> **Task statement**
Set the pictures aside and set down only the lines from the line holding "Give your horse" through the end of the entries below, ends included.

> **Data for the task**
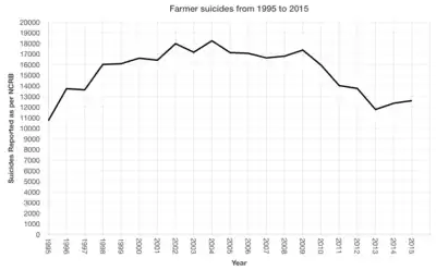 Le phénomène des suicides de paysans en Inde, souvent du fait de leur incapacité à rembourser les prêts qu'ils avaient contractés, a attiré l'attention depuis les années 1990[1], même si le taux de suicide des paysans est en réalité plus faible que celui de l’ensemble de la population.
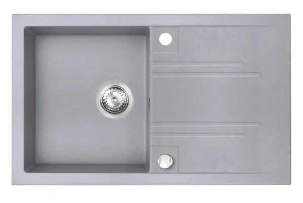 Chiuveta de bucatarie DRGM48/78 GA este realizata din compozit de granit si rasina acrilica, fiind un produs de inalta calitate cu un design modern si elegant. Aceasta ofera durabilitate ridicata, reduce zgomotul in comparatie cu chiuvetele din inox si absoarbe vibratiile, asigurand un confort sporit in utilizare. Modelul este prevazut cu o singura cuva si picurator, fiind reversibil pentru montare pe partea stanga sau dreapta si se instaleaza incastrat in blat. Dispune de preaplin, un orificiu pentru montarea bateriei si are forma patrata, fiind potrivita pentru utilizare la interior. Finisajul lucios si culoarea gri deschis completeaza aspectul modern al chiuvetei.
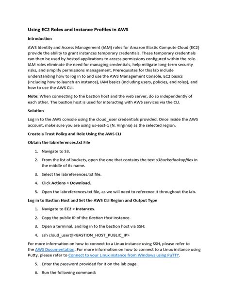 Alright, let’s get practical. How do you actually create and assign an instance profile to your EC2 instance? Don’t worry; it’s not as daunting as it sounds. You’ll primarily be working with the IAM service and the EC2 launch wizard. First, you need to create an IAM role. This role defines the permissions that your EC2 instance will have. Go to the IAM console in the AWS Management Console and click on “Roles.” Then, click “Create role.” Choose “AWS service” as the trusted entity and select “EC2” as the use case. This tells IAM that this role will be assumed by an EC2 instance. Next, you’ll need to attach policies to the role. Policies define the specific permissions that the role will have. You can choose from AWS-managed policies, which are pre-defined policies that grant common permissions, or you can create your own custom policies. When selecting policies, follow the principle of least privilege. Grant only the necessary permissions to the role, and avoid granting broad or overly permissive access. For example, if your EC2 instance only needs to read data from an S3 bucket, grant it read-only access to that bucket. Once you’ve attached the necessary policies, give your role a descriptive name and review the details. Make sure the role name is meaningful and reflects the permissions that the role grants. Finally, click “Create role” to create the IAM role. Now that you have an IAM role, you can create an instance profile. In the IAM console, navigate to the role you just created and click on the “Create Instance Profile” button. The instance profile will automatically be associated with the selected IAM role. Now, let’s assign the instance profile to an EC2 instance. When launching a new EC2 instance, you’ll be presented with a step to configure instance details. In this step, you can select the IAM role that you want to associate with the instance. Choose the IAM role that you created earlier. If you already have an existing EC2 instance, you can also assign an instance profile to it. Stop the instance (if it’s running), then go to the EC2 console, select the instance, and choose “Actions” > “Instance Settings” > “Attach/Replace IAM Role.” Select the IAM role you want to attach and click “Apply.” Remember that stopping and starting an instance will change its public IP address, so be sure to update any DNS records or configurations that rely on the old IP address. That’s it! Your EC2 instance now has an instance profile, and it can securely access other AWS services based on the permissions defined in the IAM role. Remember to regularly review and update your IAM roles and policies to ensure that they are aligned with your security requirements and that you are following the principle of least privilege.
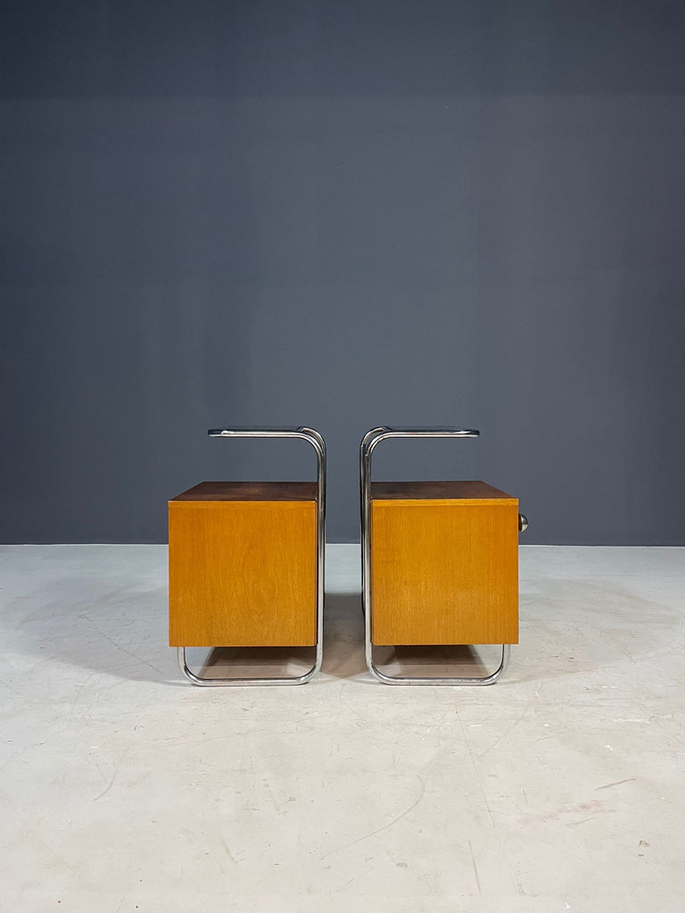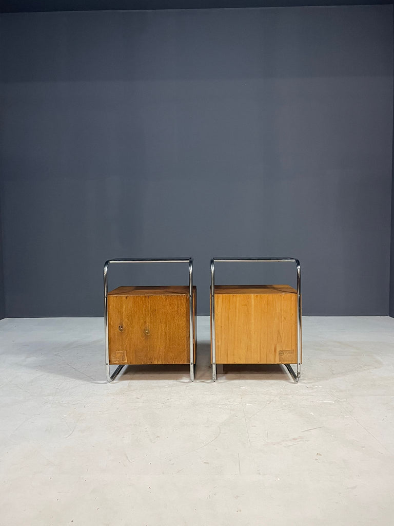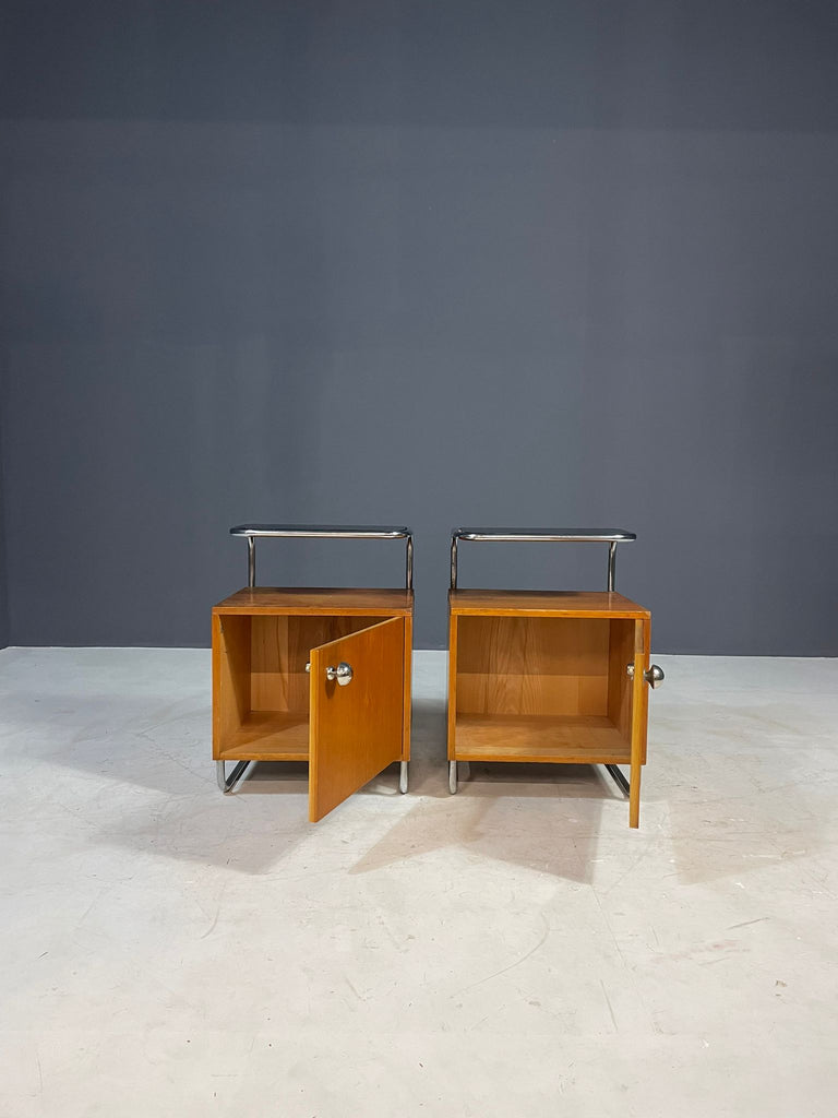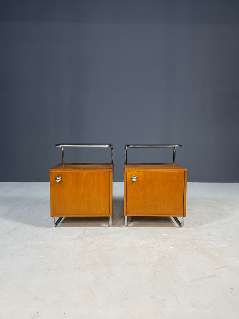 A pair of Bauhaus-style bedside tables from the 1930s, made in Czechoslovakia.
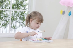 La construcción resistente, los bordes redondeados y las dimensiones compactas garantizan un uso seguro y cómodo incluso para los más pequeños. El xilófono es una excelente elección para desarrollar el sentido musical, la concentración y la paciencia.
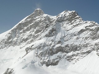 世界遺産の名峰、ベルナーオーバーラント3山 アイガー(3970m)、メイヒ(4099m)、ユングフラウ(4158m)
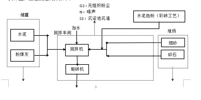 本项目生产过程中所有工序均为物理过程,细砂和碎石经计量后送入搅拌机内。罐仓内的水泥和粉煤灰等通过管道经计量送入搅拌机内,各种原料在搅拌机内与水混合搅拌(水泥:粉煤灰:细砂:碎石:水=15:13:18:6:7)。
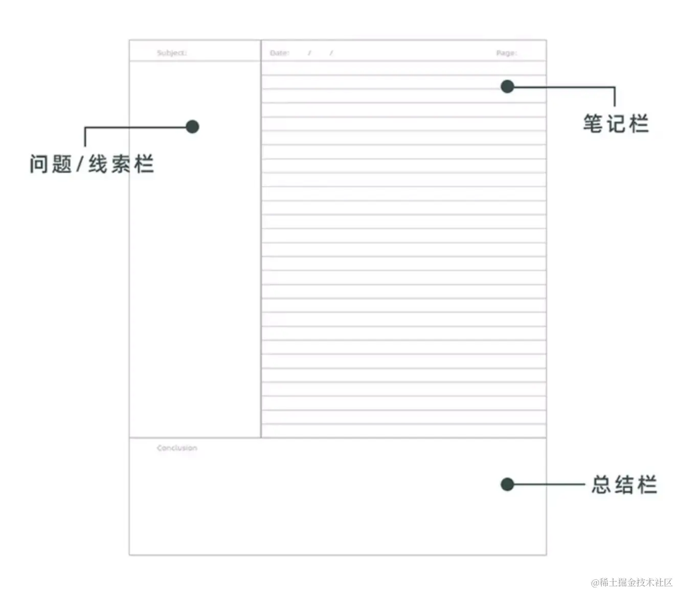 康奈尔笔记法相对系统化,至于如何让笔记主体记录更明确?如何更好地提炼要点?这需要长期坚持记笔记和优化笔记方式(熟练习惯符号、缩写等,形式上的优化如+图、表格等),这通常无捷径,唯手熟尔。
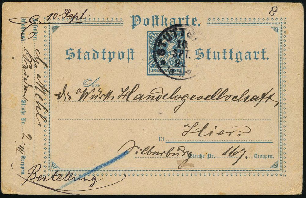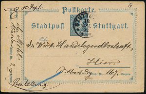 3124 | 23 € | 7000 Stuttgart Allgemeine Belege : Stuttgart 1892 (10.9.) "Stadtpost Stuttgart", Orts-P 3 Pf. "Pferdewappen", blau + 1K: STUTTGART + PaginierSt. "8", Bedarf | ![]() | |
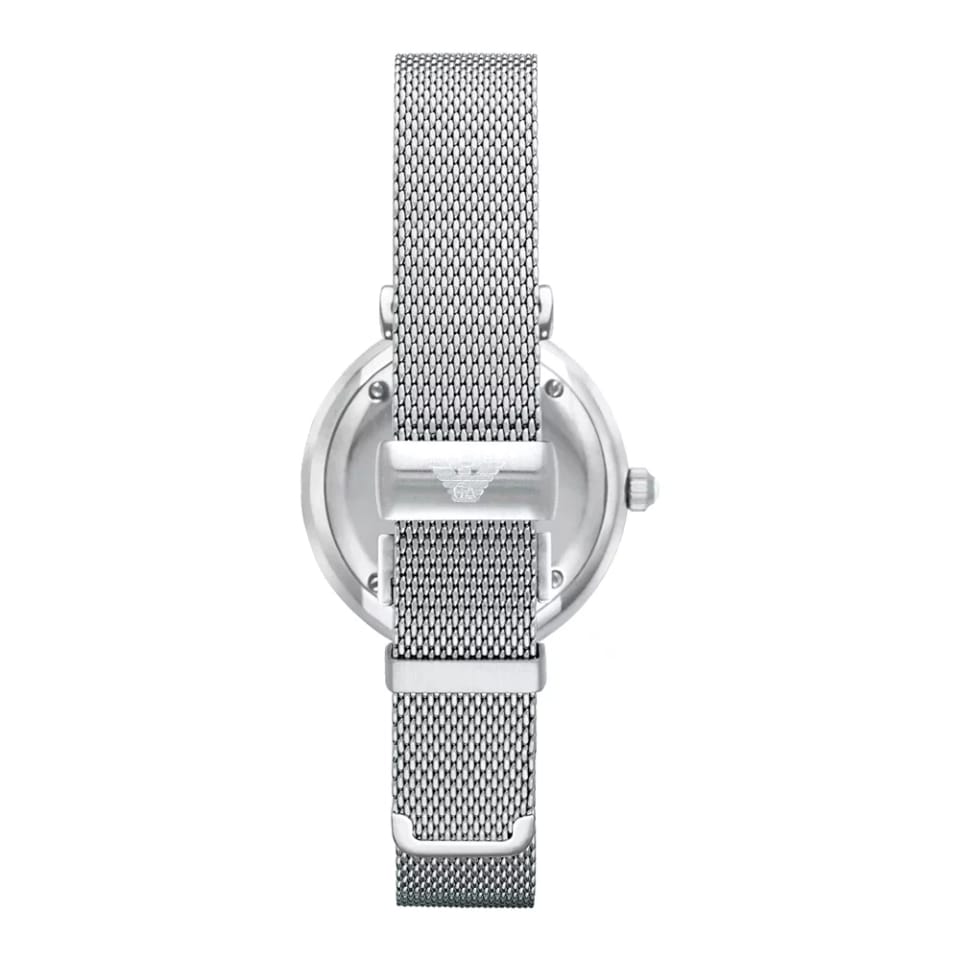 Zegarek Emporio Armani AR1955 z serii Classic to elegancki damski czasomierz, idealny zarówno do eleganckiego ubioru, jak i do noszenia na co dzień. Model posiada dokładny mechanizm kwarcowy zasilany baterią. Tarczę w kolorze srebrnym z kryształkami Swarovski zabezpiecza odporne na zarysowania szkło mineralne.
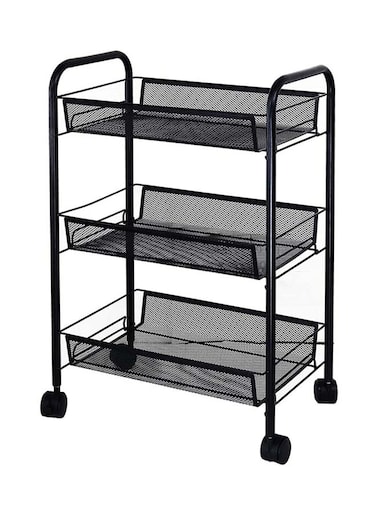 Almufarrej 3-Tier Mesh Wire Rolling Cart Black
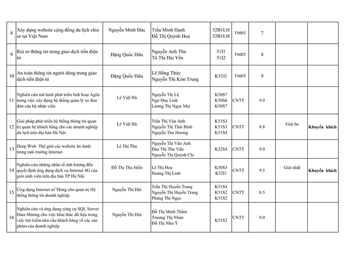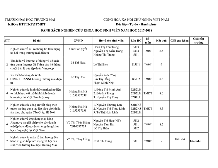 Năm học 2017 - 2018, cả 2 ngành là ngành TMĐT và ngành HTTT Kinh tế có 21 đề tài NCKH sinh viên. Các đề tài sau đã vinh dự đạt giải các cấp:
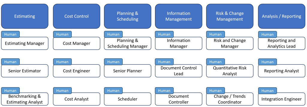 How will agentic capabilities impact project controls, which today is 100% human operated (with assistance from tools, of course)? See chart below for an illustration of project controls today:
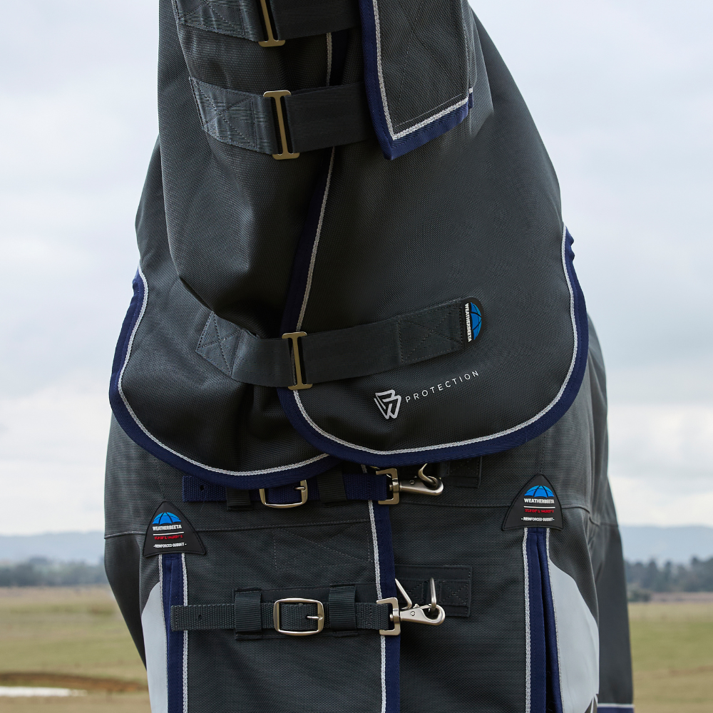 Give your horse the ultimate combination of protection, comfort and style with the WeatherBeeta ComFiTec Ultra Turnout Detach-A-Neck 220g. Designed for all-weather conditions, this rug offers exceptional durability and an outstanding fit thanks to its 1800 denier outer shell and advanced waterproof Teflon EcoElite™ coating.
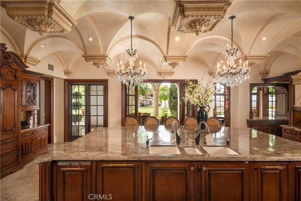 Custom closets add to the luxury. Elegant bi-fold doors open up to the grounds, which feature a 110′ award-winning infinity edge pool & spa, complete with stone bridges and waterfalls. There is also a guest house, fruit orchard and mature privacy landscaping providing a truly opulent retreat experience.
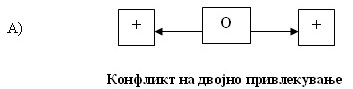Третиот вид е конфликтот на привлекување и одбивање. Овој конфликт

> **Answer space**
 Give your horse the ultimate combination of protection, comfort and style with the WeatherBeeta ComFiTec Ultra Turnout Detach-A-Neck 220g. Designed for all-weather conditions, this rug offers exceptional durability and an outstanding fit thanks to its 1800 denier outer shell and advanced waterproof Teflon EcoElite™ coating.
 Custom closets add to the luxury. Elegant bi-fold doors open up to the grounds, which feature a 110′ award-winning infinity edge pool & spa, complete with stone bridges and waterfalls. There is also a guest house, fruit orchard and mature privacy landscaping providing a truly opulent retreat experience.
Третиот вид е конфликтот на привлекување и одбивање. Овој конфликт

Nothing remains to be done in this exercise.